Characterizing the Histology Spatial Intersections Between Tumor-Infiltrating Lymphocytes and Tumors for Survival Prediction of Cancers Via Graph Contrastive Learning

Published: 01 Jan 2024, Last Modified: 13 Nov 2024MLMI@MICCAI (2) 2024EveryoneRevisionsBibTeXCC BY-SA 4.0
Abstract: Tumor-infiltrating lymphocytes (TILs) and their spatial interactions with tumors on whole-slide images (WSIs) of histopathology sections can provide valuable information about the immune response within the tumor micro-environment that is closely associated with the progression of human cancers. To effectively exploit the interactions between TILs and Tumors from WSIs, spatially informed analysis tools are required.
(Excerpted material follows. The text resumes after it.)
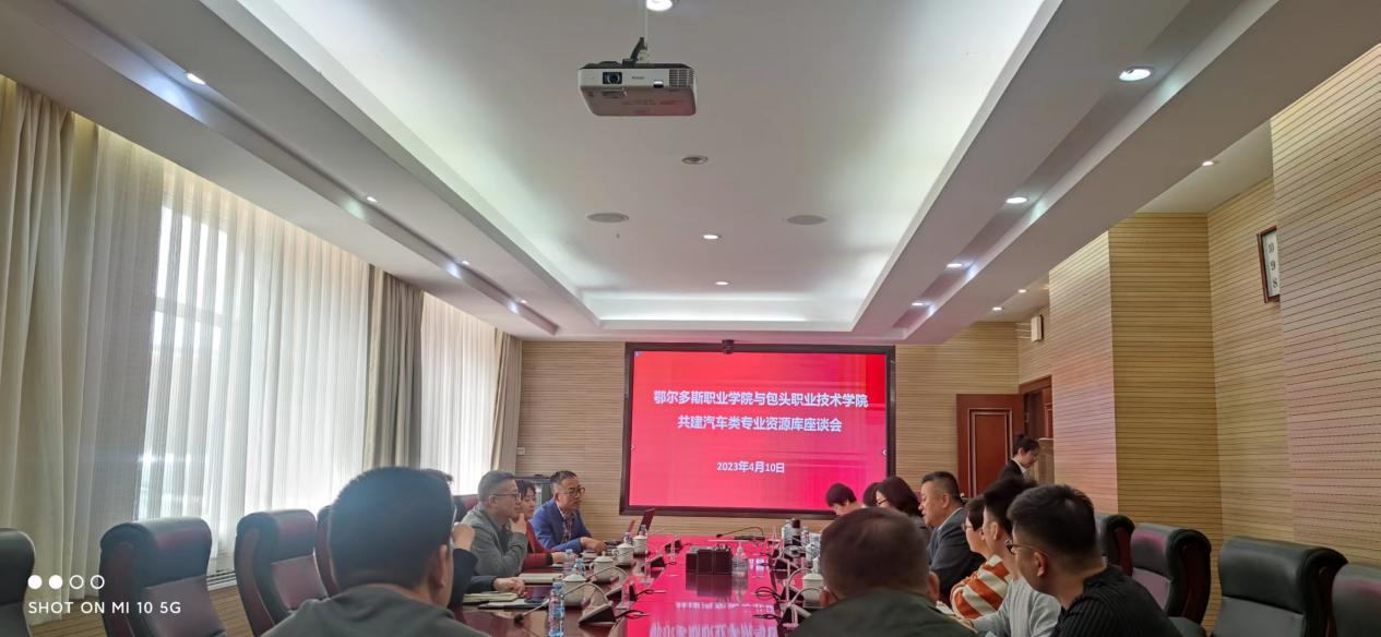 为进一步推进学院课程教学资源源库建设,助推汽车类专业高水平发展,4月10日上午,包头职业技术学院车辆工程系主任沈盛军、党总支副书记张呼努斯图、副主任徐丽娜、汽车维修教研室负责人崔广磊一行4人受邀来学院指导、交流,学院党委副书记、院长张建林,教务处处长兼汽车工程系主任郝巧梅,汽车工程系党支部副书记杜瑞、副主任任艳茹及全体专业课教师参加会议。

Here, we present GCTIL, a simple but effective graph contrastive learning framework to learn meaningful representations for the TILs and tumor nodes extracted from the WSIs. Specifically, GCTIL considers the graph permutation of different strength to help learn robust node representations that can not only capture the structural characteristics of the graph but also preserve the correct distance orders among different permutations. Moreover, GCTIL also imposes distance constraints to distinguish the node embeddings of different types (i.e., TILs and Tumor). Then, based on the patch representation derived from GCTILs, we apply the graph attention networks (GATs) to describe the spatial interactions between TILs and tumor regions in WSIs for survival analysis of human cancers. We evaluate the performance of our method on the Breast Invasive Carcinoma (i.e., BRCA) cohort derived from The Cancer Genome Atlas (TCGA), and the experimental results indicate that our method is superior to the comparing methods.